У Ростовых были именинницы Натальи, мать и меньшая дочь. С утра, не переставая, подъезжали и отъезжали цуги, подвозившие поздравителей к большому, всей Москве известному дому графини Ростовой на Поварской. Графиня с красивой старшею дочерью и гостями, не перестававшими сменять один другого, сидели в гостиной.
Графиня была женщина с восточным типом худого лица, лет сорока пяти, видимо изнуренная детьми, которых у ней было двенадцать человек. Медлительность ее движений и говора, происходившая от слабости сил, придавала ей значительный вид, внушавший уважение. Княгиня Анна Михайловна Друбецкая, как домашний человек, сидела тут же, помогая в деле принимания и занимания разговором гостей. Молодежь была в задних комнатах, не находя нужным участвовать в приеме визитов.

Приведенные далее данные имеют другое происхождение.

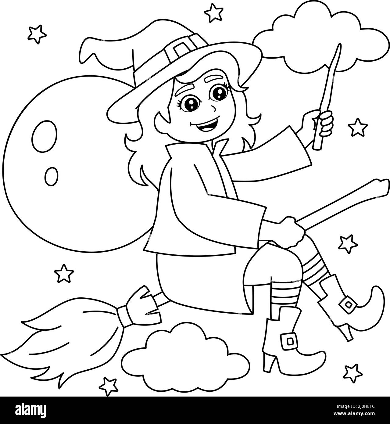 Witch Girl In A Broomstick Coloring Page For Kids Stock Vector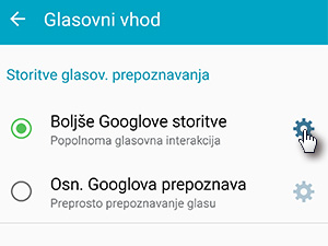 ![]() Pod jeziki bi morali imeti sedaj nastavljena dva jezika. Če želite nastaviti jezik za primarnega, v prejšnjem koraku držite s prstom na izbranem jeziku. Vendar pa prepoznava slovenščine deluje tudi, če ni nastavljena kot primarna. |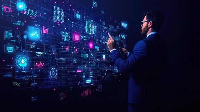 A professional analyzing digital data on a futuristic interface, showcasing technology and innovation in a business environment.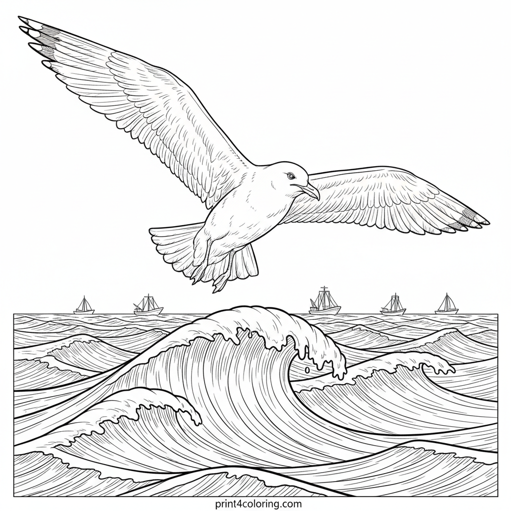 Majestic Flight: Seagull Over Ocean Waves Coloring Page
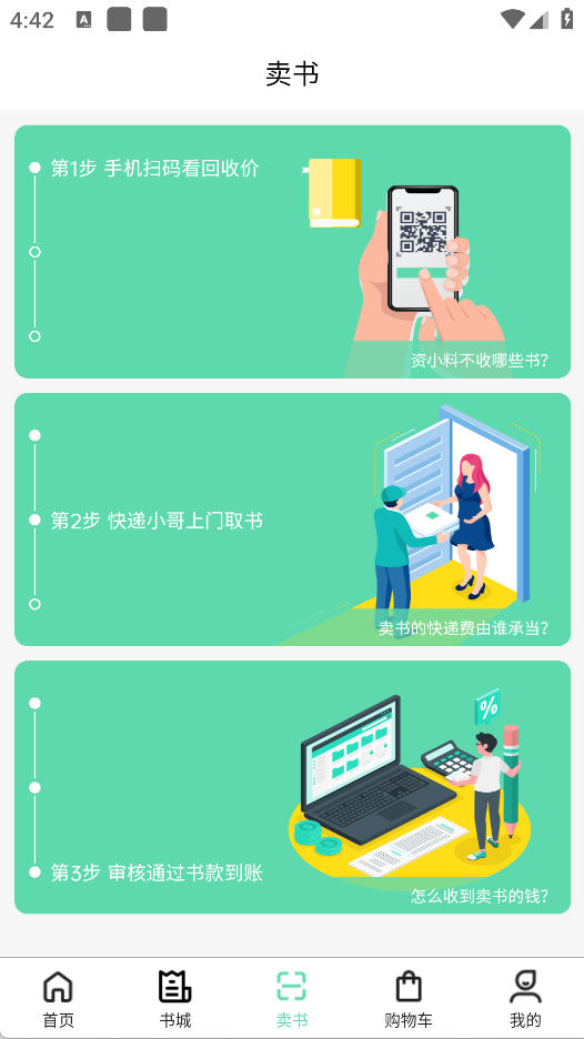 6、资小料App还提供便捷的卖书服务,通过“扫码查价—上门取书—审核收款”三步即可完成二手书交易,让闲置教材快速变现,流程简单高效。

Граф встречал и провожал гостей, приглашая всех к обеду.
«Очень, очень вам благодарен, ma chere или mon cher [моя дорогая или мой дорогой] (ma сherе или mon cher он говорил всем без исключения, без малейших оттенков как выше, так и ниже его стоявшим людям) за себя и за дорогих именинниц. Смотрите же, приезжайте обедать. Вы меня обидите, mon cher. Душевно прошу вас от всего семейства, ma chere». Эти слова с одинаковым выражением на полном веселом и чисто выбритом лице и с одинаково крепким пожатием руки и повторяемыми короткими поклонами говорил он всем без исключения и изменения. Проводив одного гостя, граф возвращался к тому или той, которые еще были в гостиной; придвинув кресла и с видом человека, любящего и умеющего пожить, молодецки расставив ноги и положив на колена руки, он значительно покачивался, предлагал догадки о погоде, советовался о здоровье, иногда на русском, иногда на очень дурном, но самоуверенном французском языке, и снова с видом усталого, но твердого в исполнении обязанности человека шел провожать, оправляя редкие седые волосы на лысине, и опять звал обедать. Иногда, возвращаясь из передней, он заходил через цветочную и официантскую в большую мраморную залу, где накрывали стол на восемьдесят кувертов, и, глядя на официантов, носивших серебро и фарфор, расставлявших столы и развертывавших камчатные скатерти, подзывал к себе Дмитрия Васильевича, дворянина, занимавшегося всеми его делами, и говорил: «Ну, ну, Митенька, смотри, чтоб всё было хорошо. Так, так, – говорил он, с удовольствием оглядывая огромный раздвинутый стол. – Главное – сервировка. То то…» И он уходил, самодовольно вздыхая, опять в гостиную.